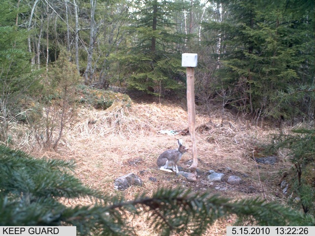 Sama metsäjänis kuin eilenkin. Tänään se vieraili kiven juurella neljä kertaa.
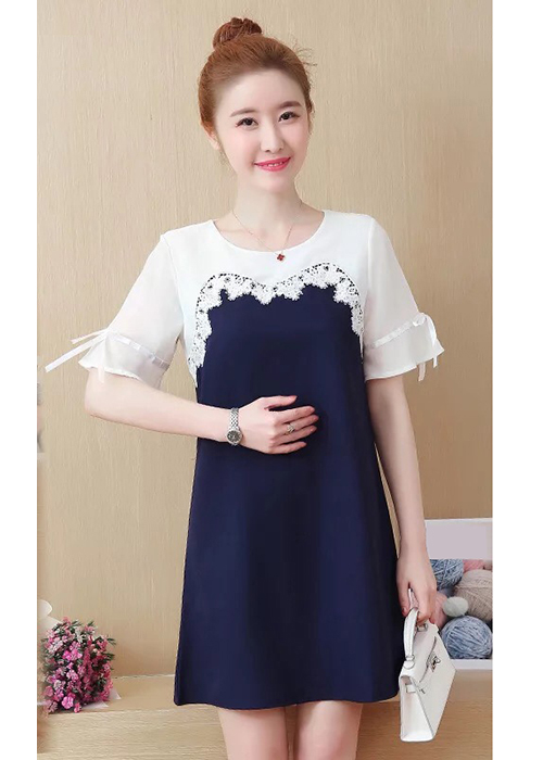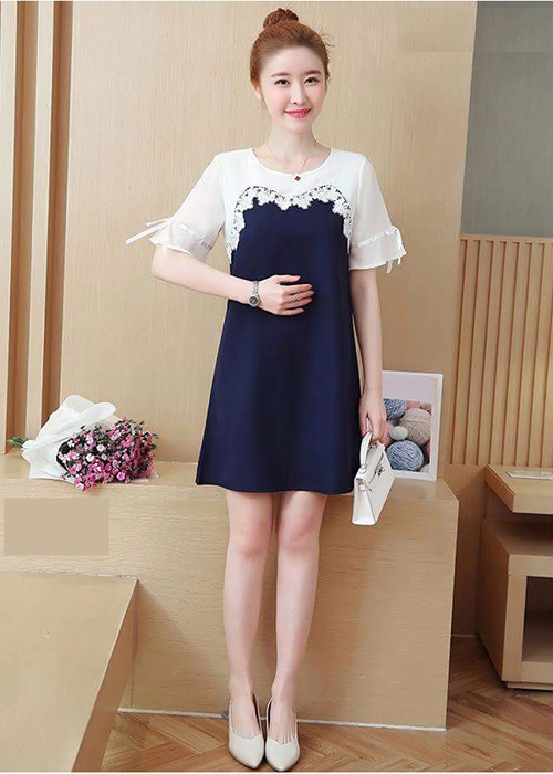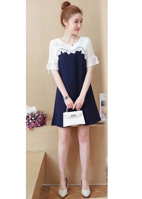 Kiểu Dáng: Thiết Kế Cổ Tròn, Tay Ngắn Đính Dây Nơ Duyên Dáng, Ngực Phối Ren Trẻ Trung, Kết Hợp Phối Màu Xanh Trắng Thêm Phần Tươi Trẻ, Đáng Yêu Cho Bạn Nữ Khi Xuống Phố
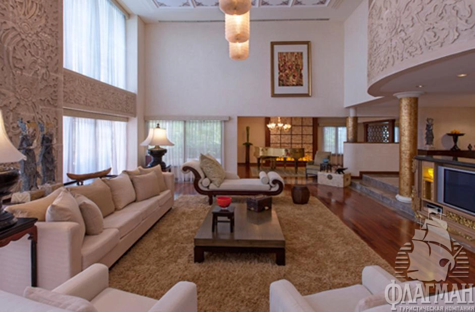 - 1 Grand Lagoon Suite (вид на сад, 390 м2, двухуровневый: гостиная, обеденная зона, кухня, музыкальный зал с роялем, кабинет, 2 спальни, терраса с шезлонгами, 2 ванные комнаты)
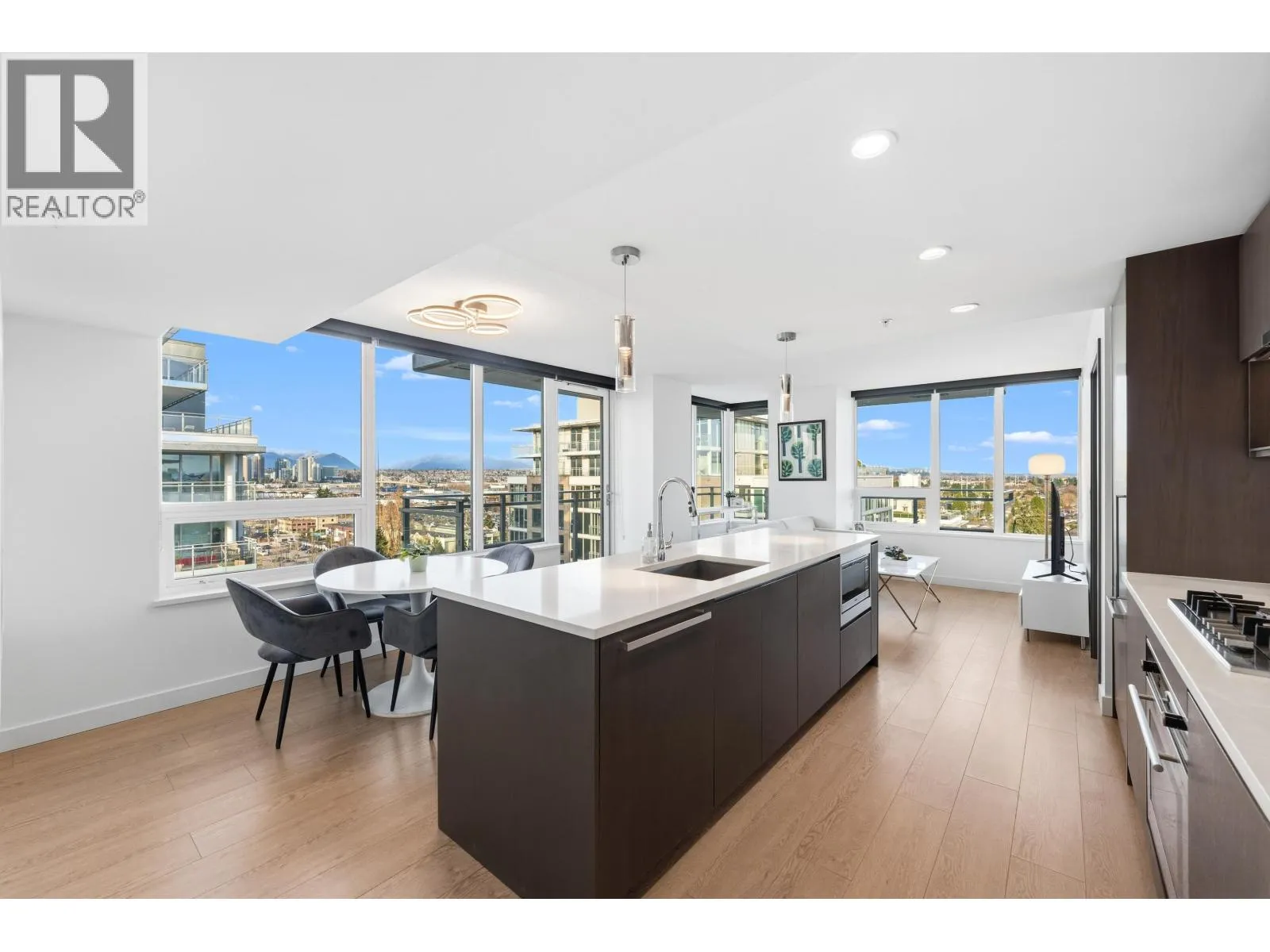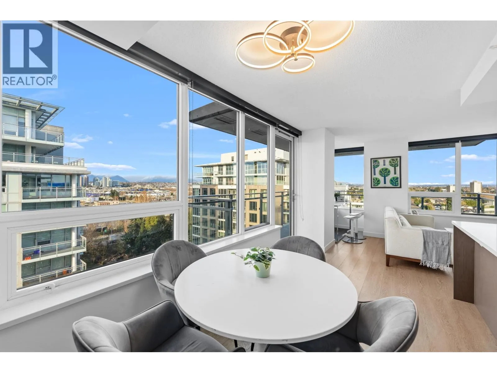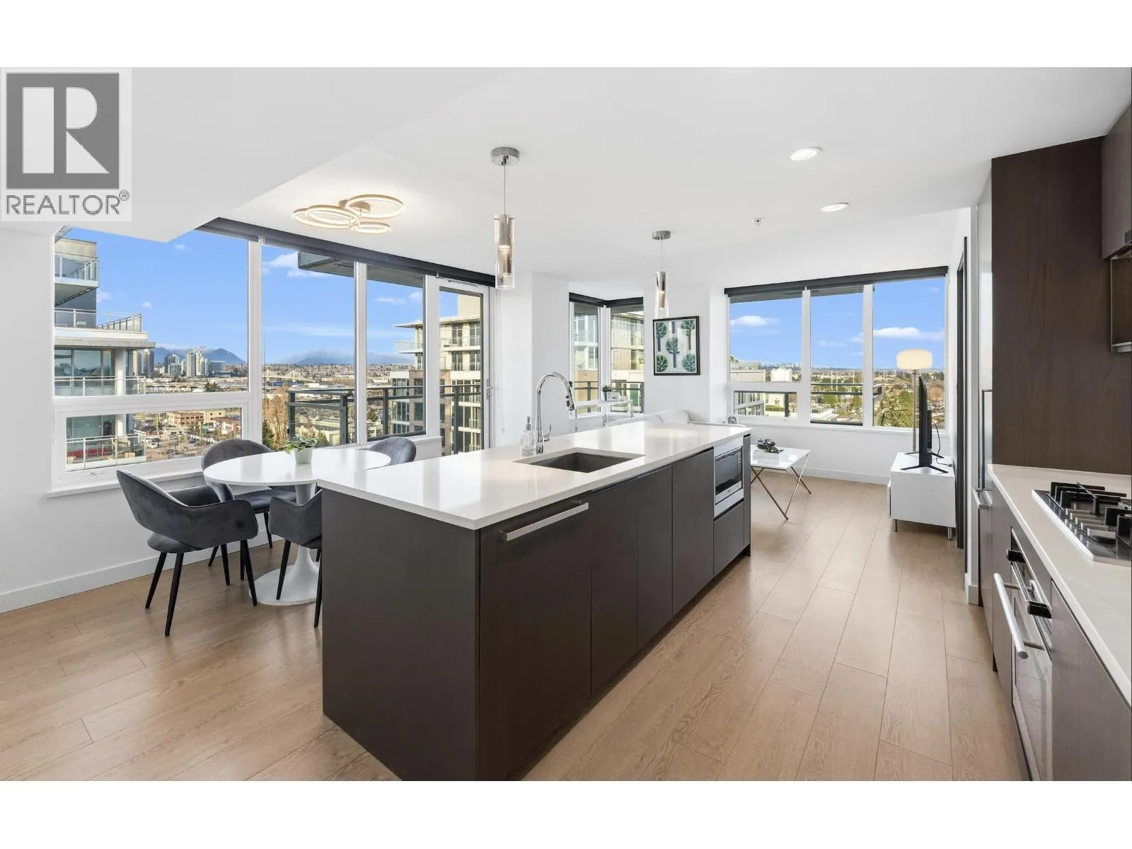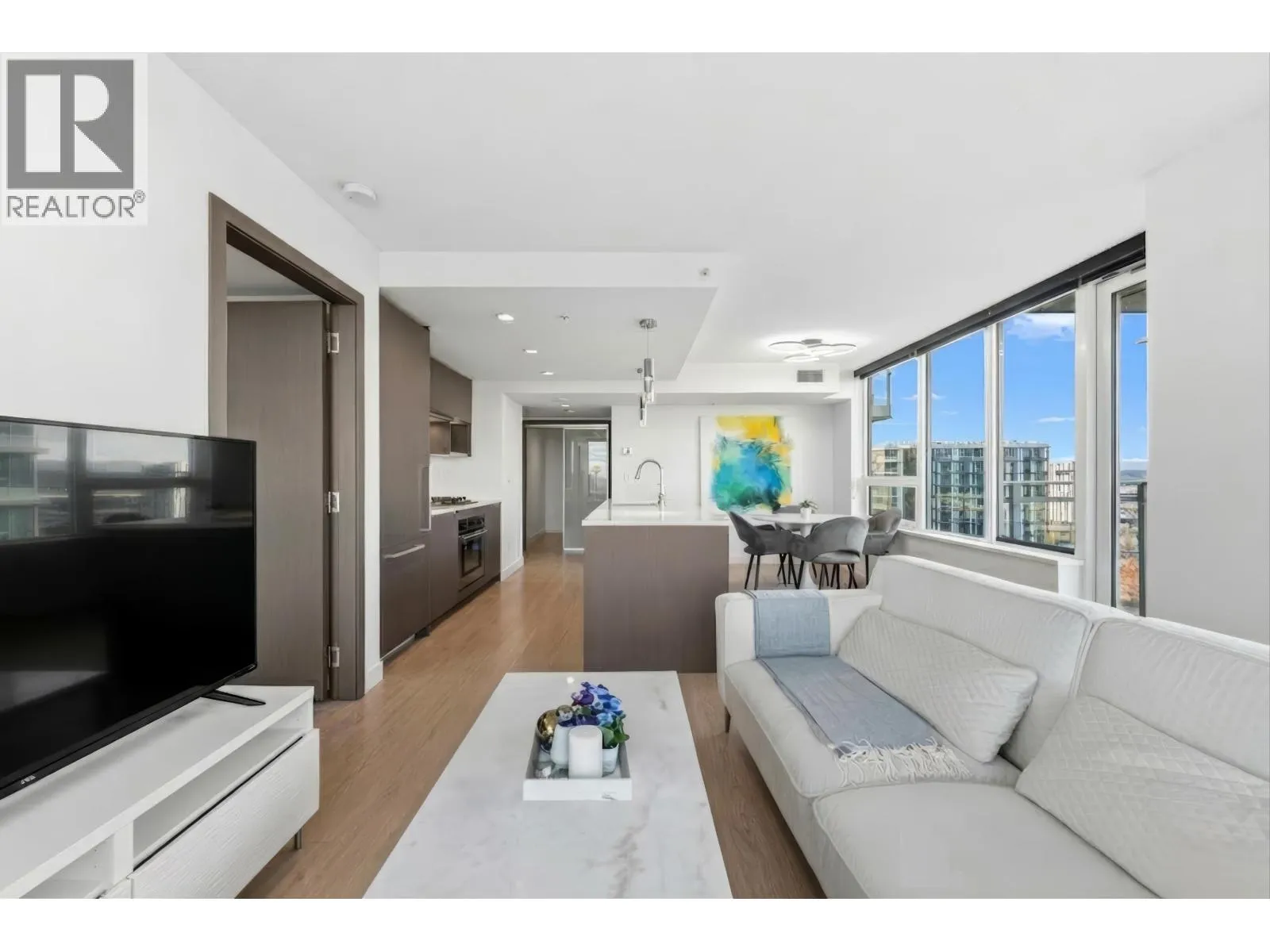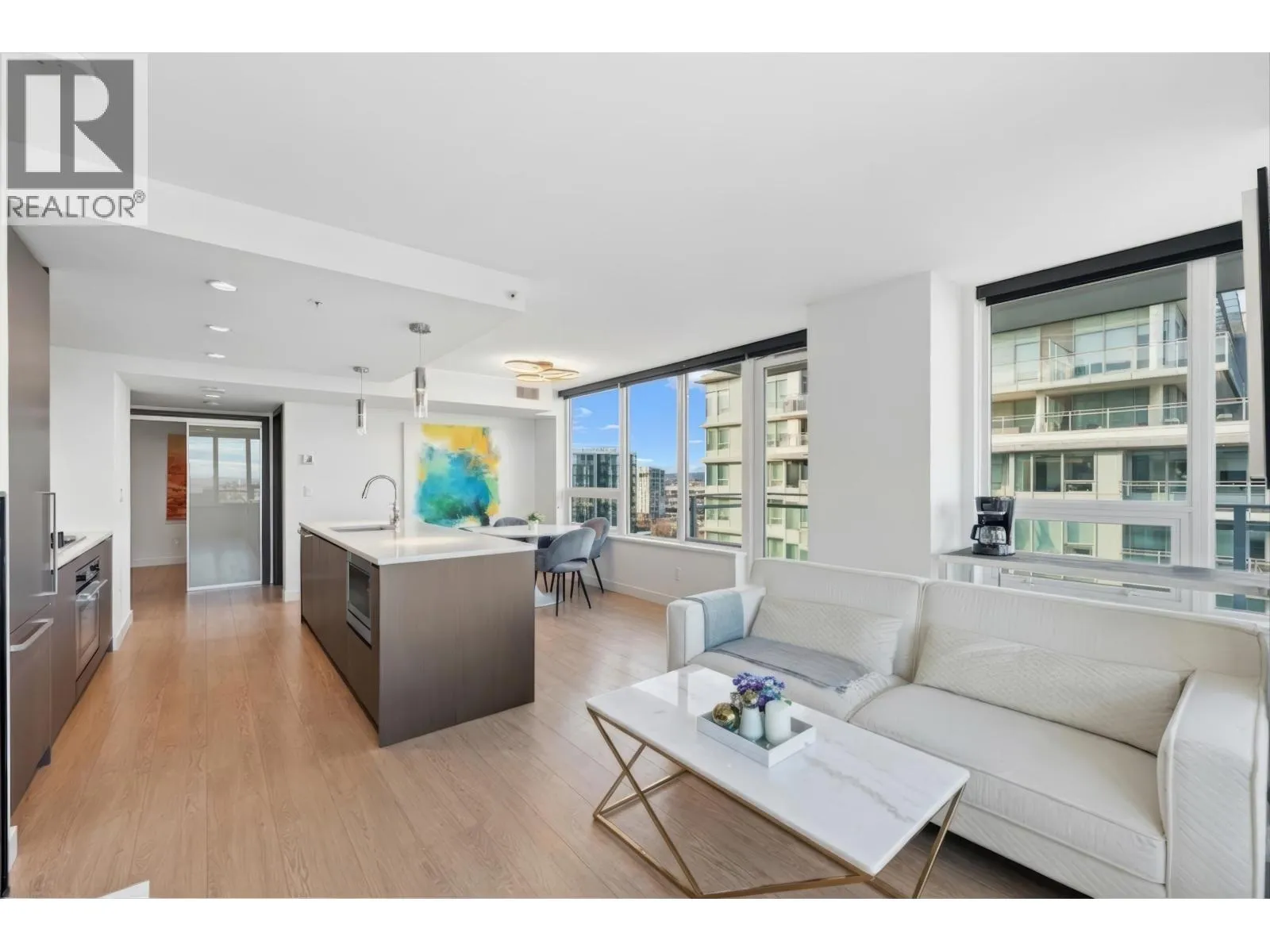 This air-conditioned 17th-floor corner residence at Concord Gardens features a bright 2-bedroom + den, 2-bathroom layout with fresh 2026 paint. Large floor-to-ceiling windows flood the home with natural light and showcase wide city views. The open living area features modern wide-plank flooring and leads to a private balcony. The gourmet kitchen includes a large island with stone countertops and premium integrated appliances. The versatile den provides a dedicated space for a home office or extra storage. Residents have access to the Diamond Club, which offers an indoor pool and fitness center. Located in Capstan Village, you are steps away from the SkyTrain, shopping, and dining. Open House: Apr5(Sun) 2-4PM. (id:27476)

- What the exercise asks
Your task is to copy only the lines above starting at the one containing "Kiểu Dáng: Thiết" and ending at the one containing "- 1 Grand Lagoon". Copy them exactly, both ends included, and omit the pictures.

- Reply to the task
 Kiểu Dáng: Thiết Kế Cổ Tròn, Tay Ngắn Đính Dây Nơ Duyên Dáng, Ngực Phối Ren Trẻ Trung, Kết Hợp Phối Màu Xanh Trắng Thêm Phần Tươi Trẻ, Đáng Yêu Cho Bạn Nữ Khi Xuống Phố
 - 1 Grand Lagoon Suite (вид на сад, 390 м2, двухуровневый: гостиная, обеденная зона, кухня, музыкальный зал с роялем, кабинет, 2 спальни, терраса с шезлонгами, 2 ванные комнаты)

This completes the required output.